Fifteen years ago, law students and attorneys at Georgetown University were enrolled in a “Street Law” course that inspired them to establish Thurgood Marshall Academy. During the course, they completed a project that gave them a rare opportunity to teach local high school students about the law and their rights. Assigned to a neighborhood high school in Ward 8—now home of Thurgood Marshall Academy—the Street Law students became aware that there was a lack of opportunities that provided academic and emotional support to students.

The school’s founder Josh Kern, who was enrolled in the course at the time, grew committed to put the “Street Law” program into practice and provide equal education resources for students east of the river. But when he pursued the idea to bring legal principles to high school students with the goal of setting students on a path to college, doubt from professionals in the field soon followed. Those skeptical of the initiative thought “opening a high school to any student and have them prepared to be successful in college wasn’t something we could do,” Kern recently told Politico magazine.

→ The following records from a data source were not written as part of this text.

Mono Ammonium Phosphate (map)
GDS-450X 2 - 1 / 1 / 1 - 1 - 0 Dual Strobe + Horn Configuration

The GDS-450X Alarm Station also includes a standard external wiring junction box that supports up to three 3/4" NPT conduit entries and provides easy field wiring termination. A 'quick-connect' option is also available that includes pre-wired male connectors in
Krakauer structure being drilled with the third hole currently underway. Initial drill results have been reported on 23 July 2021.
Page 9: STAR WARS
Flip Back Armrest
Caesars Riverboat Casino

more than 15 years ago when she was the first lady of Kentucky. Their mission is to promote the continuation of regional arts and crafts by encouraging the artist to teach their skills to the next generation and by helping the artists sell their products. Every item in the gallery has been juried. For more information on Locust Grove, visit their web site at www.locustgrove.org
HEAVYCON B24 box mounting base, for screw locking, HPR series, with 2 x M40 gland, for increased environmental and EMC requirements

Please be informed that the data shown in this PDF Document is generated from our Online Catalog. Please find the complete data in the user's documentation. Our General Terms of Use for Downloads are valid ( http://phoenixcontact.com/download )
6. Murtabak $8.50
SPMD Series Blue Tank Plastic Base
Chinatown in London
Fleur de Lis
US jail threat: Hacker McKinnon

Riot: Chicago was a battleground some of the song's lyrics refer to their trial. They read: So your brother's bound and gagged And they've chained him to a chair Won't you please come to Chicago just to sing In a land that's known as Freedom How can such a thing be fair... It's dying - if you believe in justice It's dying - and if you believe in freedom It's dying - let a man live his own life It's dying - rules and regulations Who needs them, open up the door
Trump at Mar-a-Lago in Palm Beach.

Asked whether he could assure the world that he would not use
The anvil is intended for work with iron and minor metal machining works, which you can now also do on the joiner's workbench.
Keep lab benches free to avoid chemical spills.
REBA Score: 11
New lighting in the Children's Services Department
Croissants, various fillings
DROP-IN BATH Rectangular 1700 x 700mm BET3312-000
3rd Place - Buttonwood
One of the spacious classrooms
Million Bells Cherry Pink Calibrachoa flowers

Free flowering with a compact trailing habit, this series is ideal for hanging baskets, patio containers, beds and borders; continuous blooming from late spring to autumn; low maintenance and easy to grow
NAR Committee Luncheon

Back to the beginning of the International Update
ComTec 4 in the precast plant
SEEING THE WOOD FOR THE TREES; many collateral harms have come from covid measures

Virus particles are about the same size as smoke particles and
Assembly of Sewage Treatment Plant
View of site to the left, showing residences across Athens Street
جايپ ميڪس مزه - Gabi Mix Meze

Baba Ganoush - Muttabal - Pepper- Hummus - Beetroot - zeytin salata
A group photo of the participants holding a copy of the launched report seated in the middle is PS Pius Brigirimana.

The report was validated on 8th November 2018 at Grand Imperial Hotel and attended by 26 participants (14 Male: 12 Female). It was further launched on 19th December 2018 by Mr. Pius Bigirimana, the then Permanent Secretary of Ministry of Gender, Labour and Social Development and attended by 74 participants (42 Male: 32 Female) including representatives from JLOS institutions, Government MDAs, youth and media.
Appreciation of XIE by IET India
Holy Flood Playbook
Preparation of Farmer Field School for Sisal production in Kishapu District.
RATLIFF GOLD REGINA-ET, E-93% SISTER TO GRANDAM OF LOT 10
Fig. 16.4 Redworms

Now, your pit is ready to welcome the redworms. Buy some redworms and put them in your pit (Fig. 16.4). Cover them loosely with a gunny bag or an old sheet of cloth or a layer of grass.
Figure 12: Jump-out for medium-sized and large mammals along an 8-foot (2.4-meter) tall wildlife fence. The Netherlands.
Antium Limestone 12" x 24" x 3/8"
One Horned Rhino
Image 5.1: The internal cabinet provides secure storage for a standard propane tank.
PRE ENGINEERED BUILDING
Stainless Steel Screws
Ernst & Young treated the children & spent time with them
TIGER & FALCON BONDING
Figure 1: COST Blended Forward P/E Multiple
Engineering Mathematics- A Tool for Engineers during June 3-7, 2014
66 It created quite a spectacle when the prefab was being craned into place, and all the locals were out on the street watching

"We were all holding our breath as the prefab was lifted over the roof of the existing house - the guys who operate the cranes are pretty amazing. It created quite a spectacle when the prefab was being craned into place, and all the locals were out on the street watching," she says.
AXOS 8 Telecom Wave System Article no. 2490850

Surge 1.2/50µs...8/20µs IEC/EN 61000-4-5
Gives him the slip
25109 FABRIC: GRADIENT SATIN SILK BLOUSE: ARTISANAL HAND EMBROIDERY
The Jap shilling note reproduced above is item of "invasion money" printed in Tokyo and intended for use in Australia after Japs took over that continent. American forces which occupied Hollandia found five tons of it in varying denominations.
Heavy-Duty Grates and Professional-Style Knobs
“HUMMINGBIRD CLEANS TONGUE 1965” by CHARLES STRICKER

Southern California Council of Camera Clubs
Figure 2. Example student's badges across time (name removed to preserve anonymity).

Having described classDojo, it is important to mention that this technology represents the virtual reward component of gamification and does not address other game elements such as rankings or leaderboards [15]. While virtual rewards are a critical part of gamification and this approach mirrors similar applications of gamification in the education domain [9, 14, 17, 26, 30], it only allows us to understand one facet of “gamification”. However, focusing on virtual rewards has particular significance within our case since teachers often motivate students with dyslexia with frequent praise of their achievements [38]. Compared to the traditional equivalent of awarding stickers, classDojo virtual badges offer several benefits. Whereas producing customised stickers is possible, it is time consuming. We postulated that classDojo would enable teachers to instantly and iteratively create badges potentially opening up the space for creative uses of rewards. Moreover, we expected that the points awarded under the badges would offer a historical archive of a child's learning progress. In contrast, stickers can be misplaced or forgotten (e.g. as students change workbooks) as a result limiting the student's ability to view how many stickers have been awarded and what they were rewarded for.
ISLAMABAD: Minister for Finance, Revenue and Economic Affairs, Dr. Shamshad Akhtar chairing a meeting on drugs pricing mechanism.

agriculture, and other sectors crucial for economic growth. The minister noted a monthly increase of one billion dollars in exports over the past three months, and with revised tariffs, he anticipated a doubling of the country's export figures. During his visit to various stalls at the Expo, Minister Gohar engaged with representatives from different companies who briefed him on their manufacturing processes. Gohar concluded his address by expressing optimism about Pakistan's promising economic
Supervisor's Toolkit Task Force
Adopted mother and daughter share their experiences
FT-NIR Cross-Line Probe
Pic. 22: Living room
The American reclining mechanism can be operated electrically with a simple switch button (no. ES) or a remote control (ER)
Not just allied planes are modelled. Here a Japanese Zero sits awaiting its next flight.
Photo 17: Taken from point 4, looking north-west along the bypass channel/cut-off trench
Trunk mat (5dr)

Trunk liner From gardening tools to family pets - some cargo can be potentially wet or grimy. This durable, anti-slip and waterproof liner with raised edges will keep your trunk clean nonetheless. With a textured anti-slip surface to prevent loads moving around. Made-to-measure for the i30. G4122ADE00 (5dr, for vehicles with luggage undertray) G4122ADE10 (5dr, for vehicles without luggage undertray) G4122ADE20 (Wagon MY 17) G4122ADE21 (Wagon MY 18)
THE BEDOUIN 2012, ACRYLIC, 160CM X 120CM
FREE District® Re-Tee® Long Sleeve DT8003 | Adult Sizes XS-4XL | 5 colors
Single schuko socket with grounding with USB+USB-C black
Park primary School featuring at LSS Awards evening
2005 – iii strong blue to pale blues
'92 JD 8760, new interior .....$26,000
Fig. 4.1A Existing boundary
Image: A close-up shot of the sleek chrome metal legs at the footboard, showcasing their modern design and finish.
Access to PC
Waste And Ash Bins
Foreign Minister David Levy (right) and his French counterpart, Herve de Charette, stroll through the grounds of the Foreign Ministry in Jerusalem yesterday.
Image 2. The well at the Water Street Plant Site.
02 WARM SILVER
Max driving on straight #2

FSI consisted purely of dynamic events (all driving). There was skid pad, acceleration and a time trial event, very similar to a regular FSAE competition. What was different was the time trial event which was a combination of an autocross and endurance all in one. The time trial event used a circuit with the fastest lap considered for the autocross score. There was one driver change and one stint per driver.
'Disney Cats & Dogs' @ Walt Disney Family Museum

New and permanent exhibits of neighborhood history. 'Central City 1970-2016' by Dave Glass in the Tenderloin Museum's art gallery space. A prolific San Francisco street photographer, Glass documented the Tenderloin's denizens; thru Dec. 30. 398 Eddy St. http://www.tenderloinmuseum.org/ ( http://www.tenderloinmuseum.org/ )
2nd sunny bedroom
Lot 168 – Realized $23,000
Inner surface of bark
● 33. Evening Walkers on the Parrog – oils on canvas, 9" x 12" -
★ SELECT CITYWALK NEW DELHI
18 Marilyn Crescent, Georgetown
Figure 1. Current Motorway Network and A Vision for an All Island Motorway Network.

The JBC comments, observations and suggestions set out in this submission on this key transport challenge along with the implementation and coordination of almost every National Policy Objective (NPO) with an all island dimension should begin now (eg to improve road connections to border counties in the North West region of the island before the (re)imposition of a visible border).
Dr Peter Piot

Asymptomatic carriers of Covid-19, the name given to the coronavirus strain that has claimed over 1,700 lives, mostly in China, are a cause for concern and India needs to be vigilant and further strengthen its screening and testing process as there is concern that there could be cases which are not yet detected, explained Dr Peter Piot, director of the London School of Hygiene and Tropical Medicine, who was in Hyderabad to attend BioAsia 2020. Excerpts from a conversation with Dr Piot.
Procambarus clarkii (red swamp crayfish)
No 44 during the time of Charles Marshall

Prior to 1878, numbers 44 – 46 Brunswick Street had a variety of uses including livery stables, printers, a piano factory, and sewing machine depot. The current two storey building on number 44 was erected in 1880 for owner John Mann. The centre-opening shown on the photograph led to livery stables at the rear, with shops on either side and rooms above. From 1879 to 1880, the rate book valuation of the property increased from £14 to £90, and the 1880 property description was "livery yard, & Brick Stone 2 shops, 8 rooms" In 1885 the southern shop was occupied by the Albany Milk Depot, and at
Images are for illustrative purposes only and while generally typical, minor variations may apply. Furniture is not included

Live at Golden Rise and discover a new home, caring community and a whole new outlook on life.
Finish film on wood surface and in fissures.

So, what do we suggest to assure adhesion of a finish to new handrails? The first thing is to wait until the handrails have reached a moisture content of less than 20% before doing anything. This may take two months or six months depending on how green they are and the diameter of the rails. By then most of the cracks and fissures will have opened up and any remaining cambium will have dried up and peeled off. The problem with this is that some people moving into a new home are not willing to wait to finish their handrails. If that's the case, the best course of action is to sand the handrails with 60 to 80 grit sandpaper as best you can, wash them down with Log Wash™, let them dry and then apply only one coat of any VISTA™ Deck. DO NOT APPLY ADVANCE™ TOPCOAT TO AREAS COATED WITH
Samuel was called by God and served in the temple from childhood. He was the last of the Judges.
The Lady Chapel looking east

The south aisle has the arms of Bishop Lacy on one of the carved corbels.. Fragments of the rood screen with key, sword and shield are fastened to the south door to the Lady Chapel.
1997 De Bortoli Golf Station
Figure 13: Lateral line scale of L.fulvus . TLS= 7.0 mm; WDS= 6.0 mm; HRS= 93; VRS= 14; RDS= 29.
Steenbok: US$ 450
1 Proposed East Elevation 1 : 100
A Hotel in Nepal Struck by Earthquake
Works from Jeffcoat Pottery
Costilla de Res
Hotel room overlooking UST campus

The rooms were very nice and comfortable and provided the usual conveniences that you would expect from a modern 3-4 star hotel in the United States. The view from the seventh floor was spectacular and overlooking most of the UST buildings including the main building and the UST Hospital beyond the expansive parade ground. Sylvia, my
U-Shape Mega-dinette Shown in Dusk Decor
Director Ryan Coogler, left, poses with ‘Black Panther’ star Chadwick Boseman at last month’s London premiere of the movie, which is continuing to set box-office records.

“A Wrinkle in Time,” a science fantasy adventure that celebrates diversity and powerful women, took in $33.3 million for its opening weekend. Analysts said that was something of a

Considering that students in Wards 7 and 8, DC’s most underserved communities, were not getting the academic and educational resources that their more privileged counterparts received, Kern was motivated by the legacy of Supreme Court Justice Thurgood Marshall. His commitment to provide all students with equal opportunity no matter their race, background, or their family’s financial aptitude was the driving force that sparked Thurgood Marshall Academy’s creation in 2001.

The need for a school dedicated to student success was just as relevant when TMA was founded as it is now. Richard Pohlman, the school’s new interim Executive Director acknowledged the concerning issue saying “in reflecting on the start of school I was drawn to our community namesake. Mr. Thurgood Marshall was a tenacious individual and tireless advocate; his name is nearly synonymous with the desegregation of schools.  Yet today, the educational injustices Mr. Marshall fought against persist for our students.”

It is increasingly important that TMA practices a law-themed curriculum and discovers new ways to incorporate ideals of advocacy, democracy, and equality into students’ course work. We envision that this prepares our students to be leaders who are compelled to actively engage in our democratic society. Like Justice Thurgood Marshall, they too can make a difference and can reinvent history.

Thurgood Marshall Acadmey


To keep our law-themed curriculum fresh and relevant, Thurgood Marshall Academy relies upon the expertise of attorneys to heighten its law-themed curriculum, which continues to:

  • Encourage students to engage in our democratic society.
  • Implement legal skills—Research, Argumentation, Critical Thinking, Advocacy, and Negotiation—into every area of study including mathematics and science.
  • Teach students the skills that lawyers have—the ability to solve complex problems, think critically, and advocate persuasively for themselves and their communities.
  • Provide opportunities for students to engage with seasoned lawyers through an array of enrichment activities including mandatory law-firm tutoring, Law Days, and participation in Georgetown University’s Street Law program.
  • Explore the roles of politicians and other pertinent government leaders during high-profile school visits and guided tours.
  • Bring the relevance of the US Supreme Court and other justice-related institutions to life during class field trips.
  • Prepare students to succeed in local and national debate tournaments, oratory competitions, and mock trials.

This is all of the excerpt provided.